Copy the final lines exactly, starting at the one that contains "- 本報告係中央氣象署地震觀測網即時地震資料地震速報之結果。" and ending with the last line of the listing below. Pictures are not part of the copy.

=== The data ===

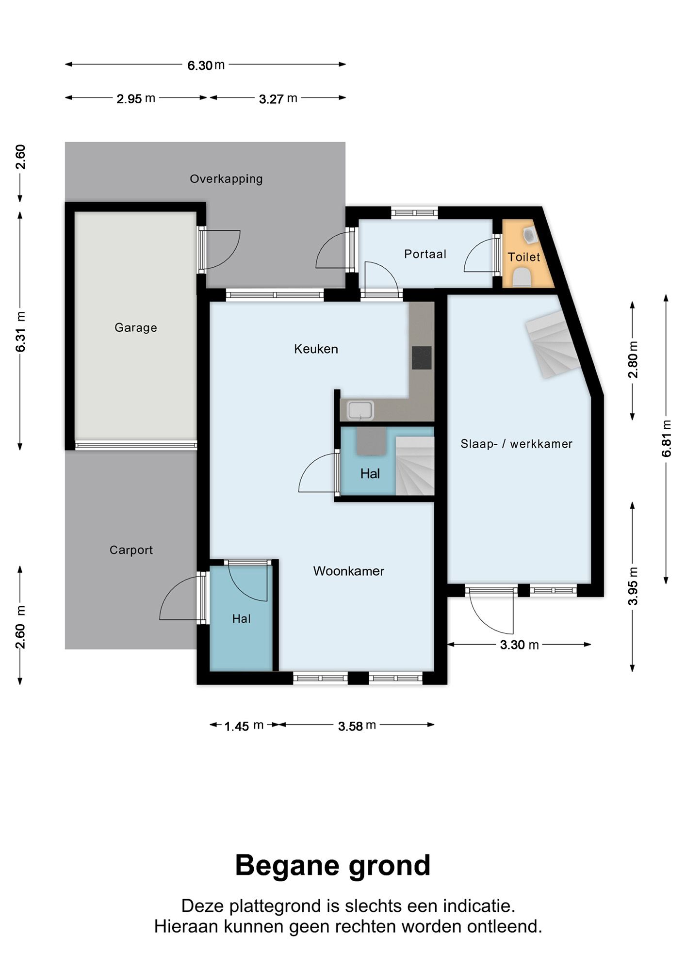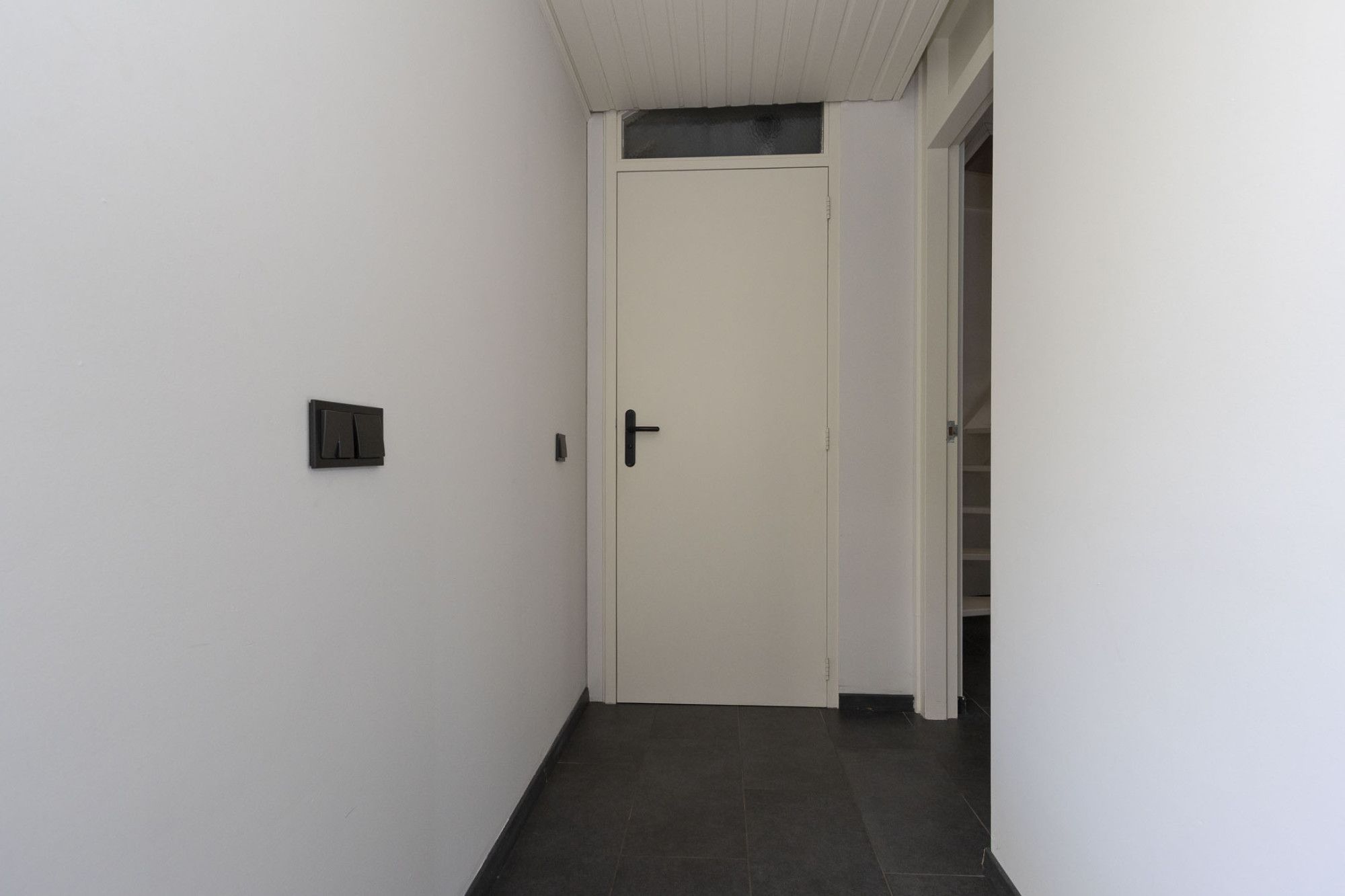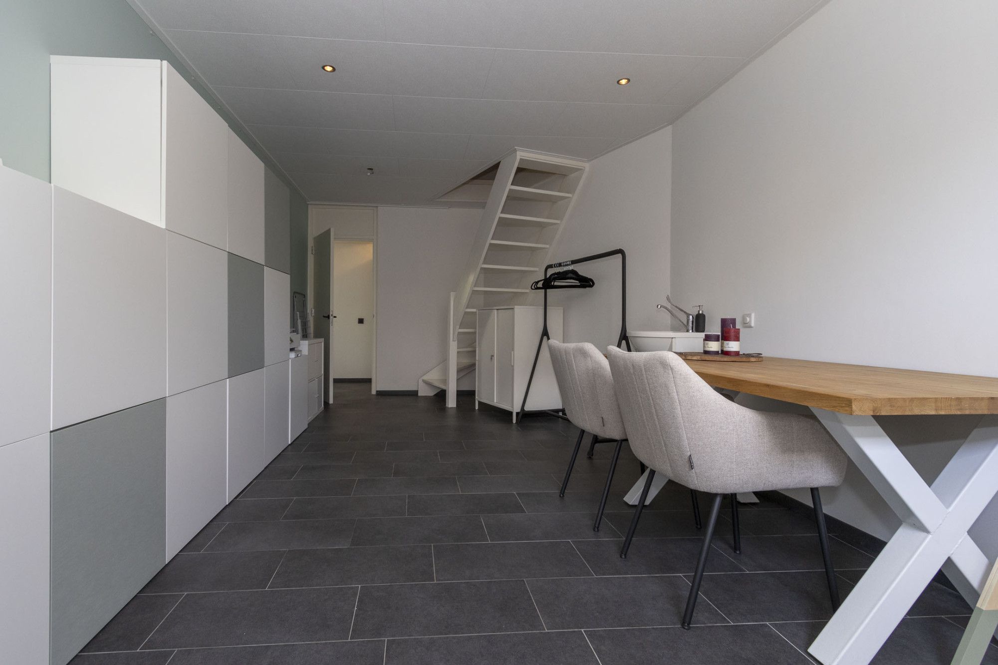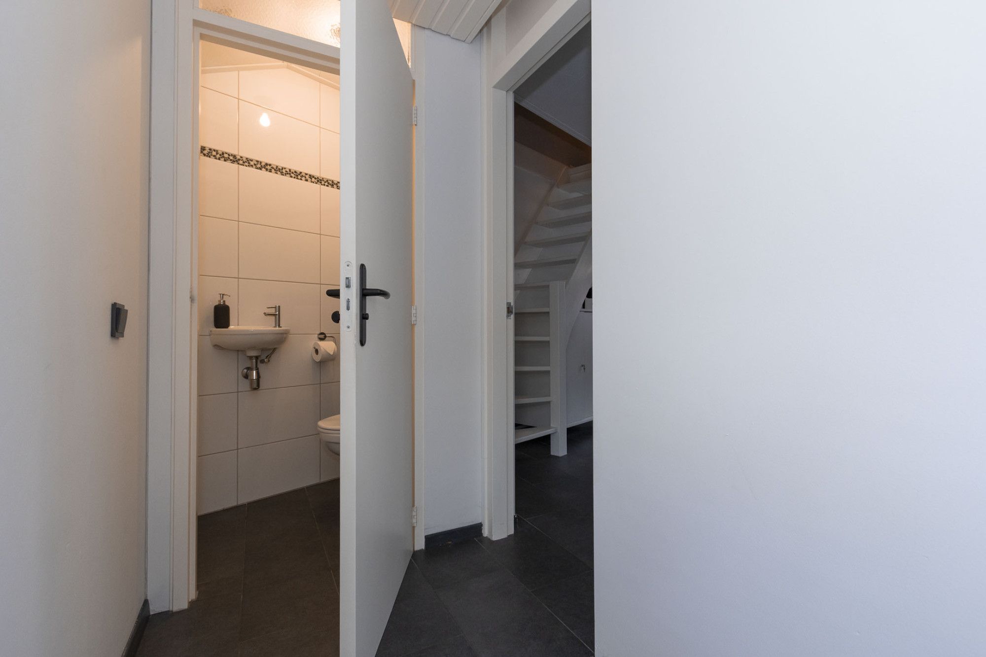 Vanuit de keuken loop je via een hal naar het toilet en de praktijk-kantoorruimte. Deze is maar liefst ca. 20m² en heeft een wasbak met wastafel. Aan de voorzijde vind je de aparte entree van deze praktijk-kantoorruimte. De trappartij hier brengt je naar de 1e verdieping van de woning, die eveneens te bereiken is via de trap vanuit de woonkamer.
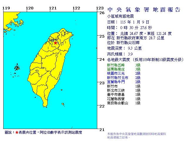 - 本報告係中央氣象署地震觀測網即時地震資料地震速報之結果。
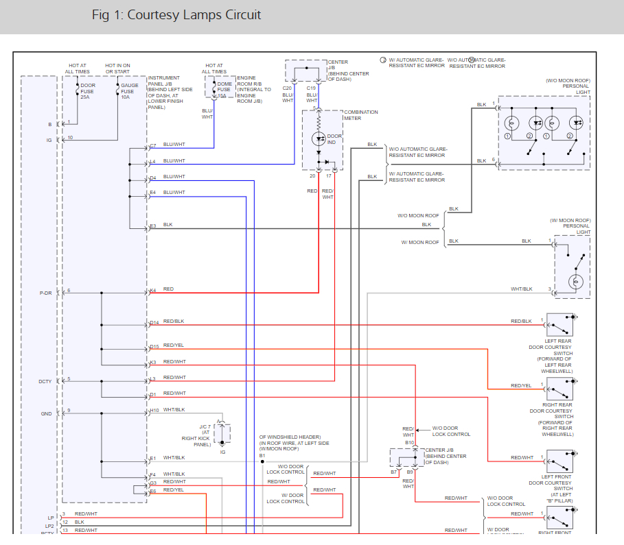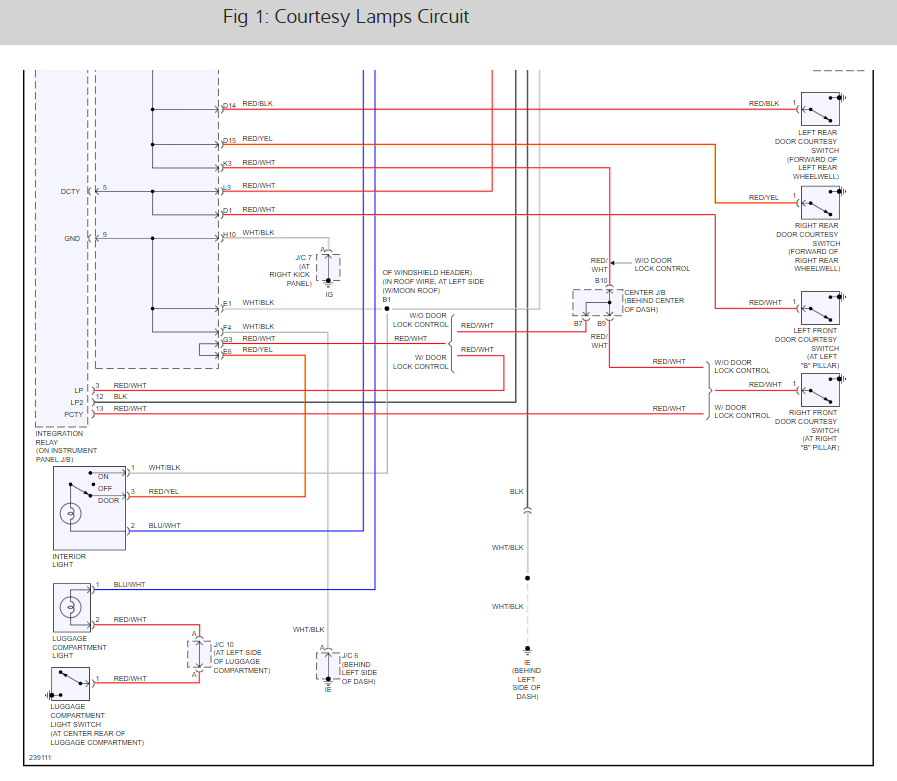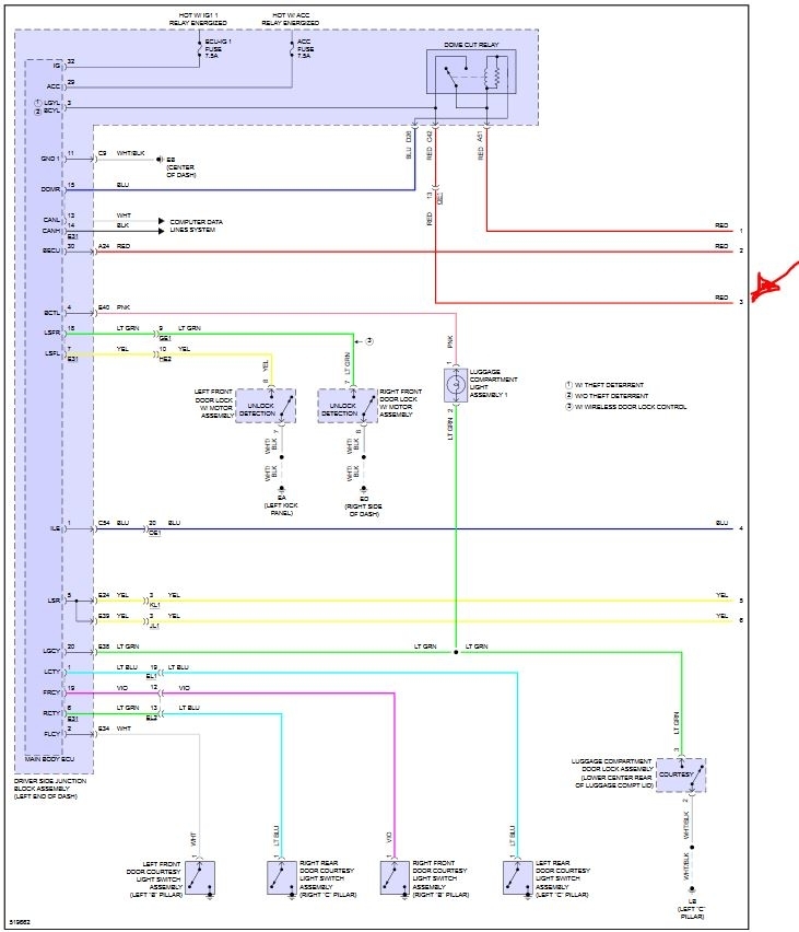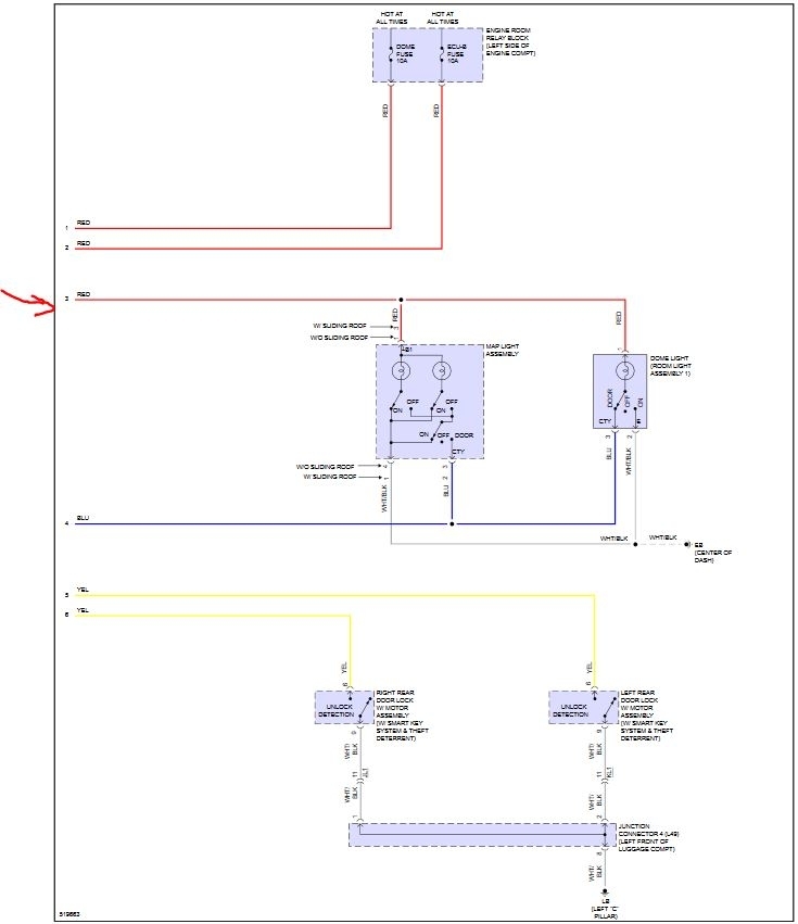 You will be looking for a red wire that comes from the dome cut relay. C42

===

Reply
 - 本報告係中央氣象署地震觀測網即時地震資料地震速報之結果。
 You will be looking for a red wire that comes from the dome cut relay. C42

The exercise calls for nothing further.